Since it has moved beyond copying it's input, but has started to generate it's own strategies, AlphaZero can do things that no researcher would even think of. It is finding ways of generating reward in ways outside of the researcher's conception, but still within the bounds of the system (playing computer chess and not much else). If it wasn't valuing reward (win game) over it's explicit programming (learn chess from humans), it wouldn't be able to surpass the sum of human knowledge. AIs do things like this all the time, but this is normally considered a bad thing. Amazon made an AI to hire people based on their resume, but the AI proved that it understood how humans judge people better than we do by becoming sexist. It looked past the explicit goals of the designer (hire effective workers), and instead moved to what got it the most reward (hire people managers like). It maximized reward within the bounds of the system (choose people to hire).
What would happen if the artificial intelligence was allowed to have the whole world as it's system, and it was given the capabilities of perceiving the things it it's environment? An example I could think of would be a therapy bot designed to help depression by talking to people, and it's given access to the internet and the facilities to parse web pages to understand human nature. You start off by giving it a script of a therapist giving encouraging words to someone, you assign it some patients, and then you check up on it on a week.

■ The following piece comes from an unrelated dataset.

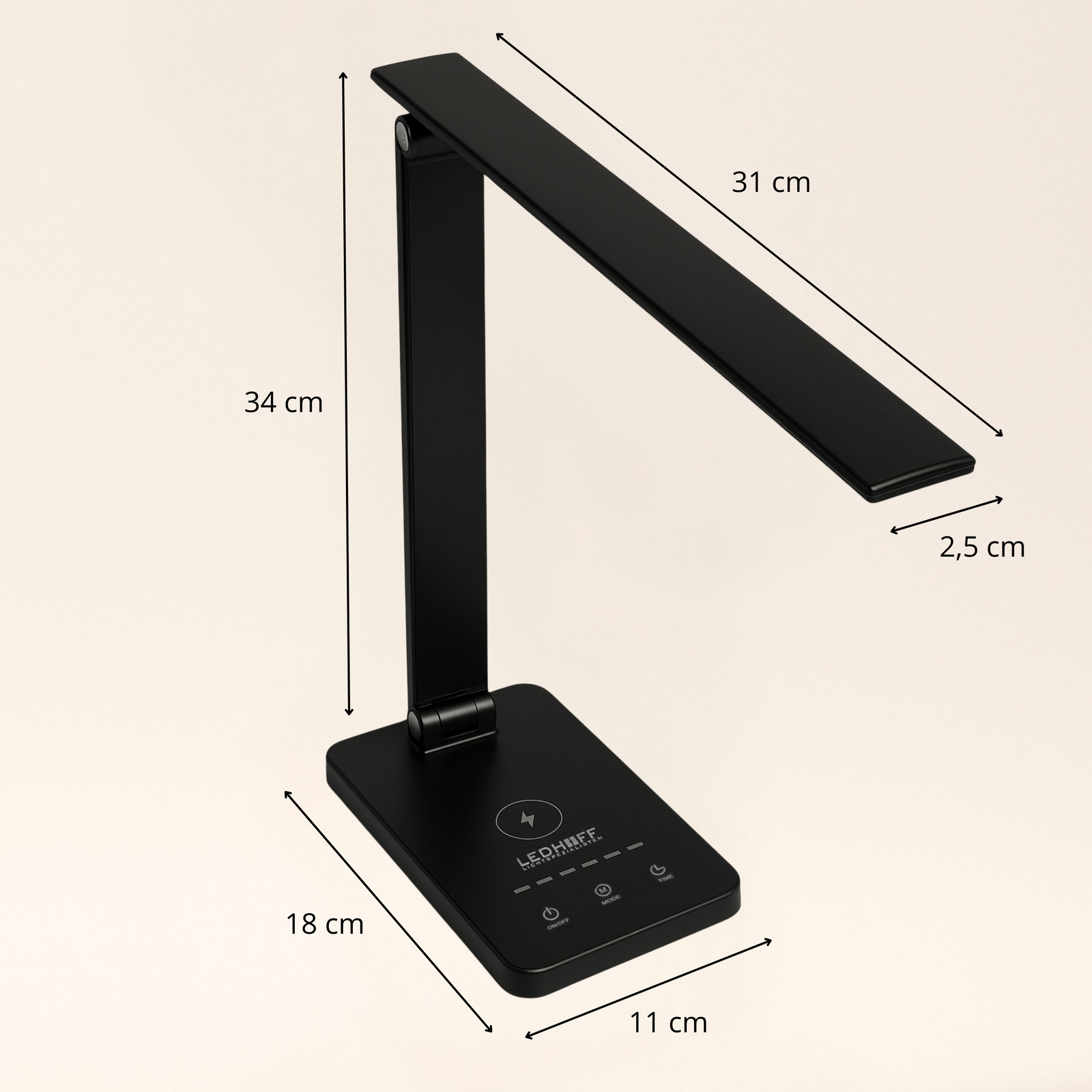 Lampka biurkowa LED czarna 6W z ładowarką indukcyjną i portem USB
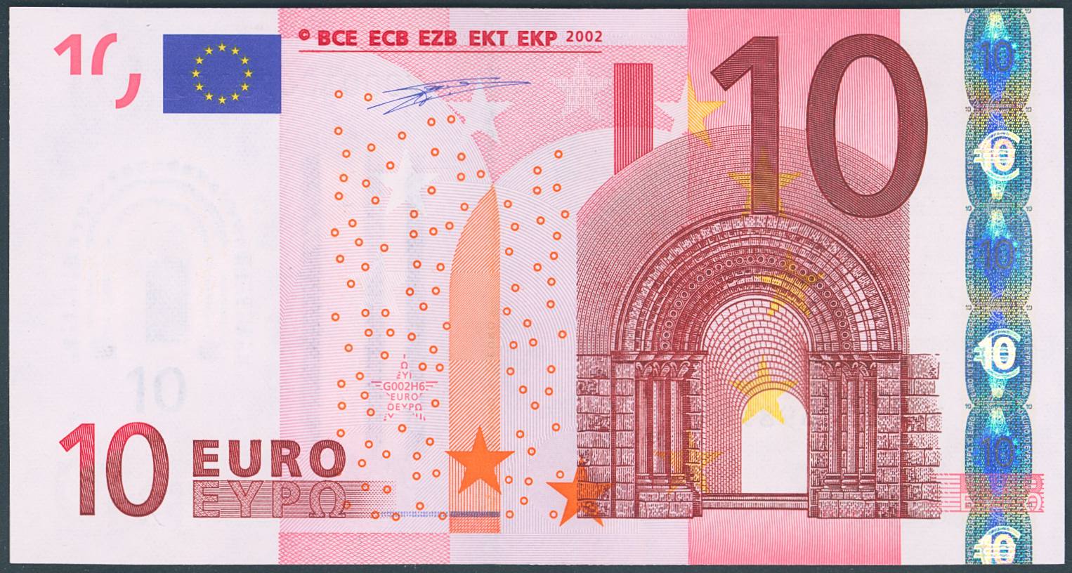 English 10 Euros. January 1, 2002. Duisenberg signature. Series V (Spain). (Edifil 2023: 487). Uncirculated.

I'm sure you would find something horrible. Either everyone would be members of the happy happyism cult, or it would yell berating words at it's patients until they respond, "WOW I'M SO HAPPY DEPRESSION CURED," so that they can leave and never come back. In fact, the more intelligent the AI is in coming up with it's own solutions, the more the result strays from the goal, assuming there is a more effective way of achieving reward over the purpose of the AI's existence. This wouldn't be possible with traditional AI. The fact that Artificial Intelligences in real life do tend toward things like this proves that they are valuing reward over the initial goals. In the same way we have "outsmarted" evolution, the AI would have outsmarted it's designers.
P.S. You could talk about why this happens, but it doesn't take away from the fact that it does happen.
P.P.S. In another article, I wrote why this would lead to self destruction in a sufficiently conscious AI, now I understand with caveat that it has enough control and the ability to perceive the world. I called it Why a conscious AI won't take over. As a whole, I am more unsure about this line of reasoning, but this is a conclusion that it leads to.
P.P.P.S. I believe that there are many systems in the world that act like AGIs optimizing for specific targets: complex life forms, corporations, societies, and even countries, and we could learn a lot about AI by studying how they act in situations, but that's a post for another time.